This issue we haven’t discussed in this thread even if you a few times have referred to it indirectly. My intension was to come to it when we had finished the other issues but that has taken so long time. I guess that this issue is part of the explanation of your interest in this debate.


---

We have discussed the issues above at length. It’s not meaningful to continue the discussion if your argument is:

1. “It has been shown in nature and the lab” referring to the Malaria case and E Coli experiment.
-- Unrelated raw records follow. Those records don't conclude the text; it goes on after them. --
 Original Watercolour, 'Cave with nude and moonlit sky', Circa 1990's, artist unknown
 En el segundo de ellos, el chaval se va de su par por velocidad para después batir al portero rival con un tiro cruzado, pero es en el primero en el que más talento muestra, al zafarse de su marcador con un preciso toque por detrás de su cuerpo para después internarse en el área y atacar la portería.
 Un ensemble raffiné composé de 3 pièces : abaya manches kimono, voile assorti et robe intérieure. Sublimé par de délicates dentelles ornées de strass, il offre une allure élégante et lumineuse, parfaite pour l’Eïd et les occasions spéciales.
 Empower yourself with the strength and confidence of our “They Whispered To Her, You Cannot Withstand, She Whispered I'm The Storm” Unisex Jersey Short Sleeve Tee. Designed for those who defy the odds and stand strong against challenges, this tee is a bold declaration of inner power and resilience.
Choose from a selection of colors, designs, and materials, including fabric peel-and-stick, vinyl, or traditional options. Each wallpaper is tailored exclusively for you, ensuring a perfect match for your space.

and from that you make a giant leap to the conclusion:

2. “Then the billions of coordinated adds and substitutions required to create the tree of life far exceeds the capability of all life that has ever existed on our planet.” (#77) (or something similar which you repeat again and again).

You have to in some way show how 2. follows from 1. If you don't do that the discussion is meaningless.

This has become a long post and if you want to comment (which I assume) and go into details it would be preferable if we can concentrate on one of the issues above each time. That is the only way to come forward as I see.

[DBowling]

Happy New Year!
I hope you had an enjoyable Holiday season

Let me address a couple of your comments and come back to the rest later.

As I got some time to read our discussion from the beginning it seem that we perhaps are coming close to a point where it’s of no use continuing the discussion. It has been interesting and I have learnt a lot, especially on E coli and Lenski’s experiment.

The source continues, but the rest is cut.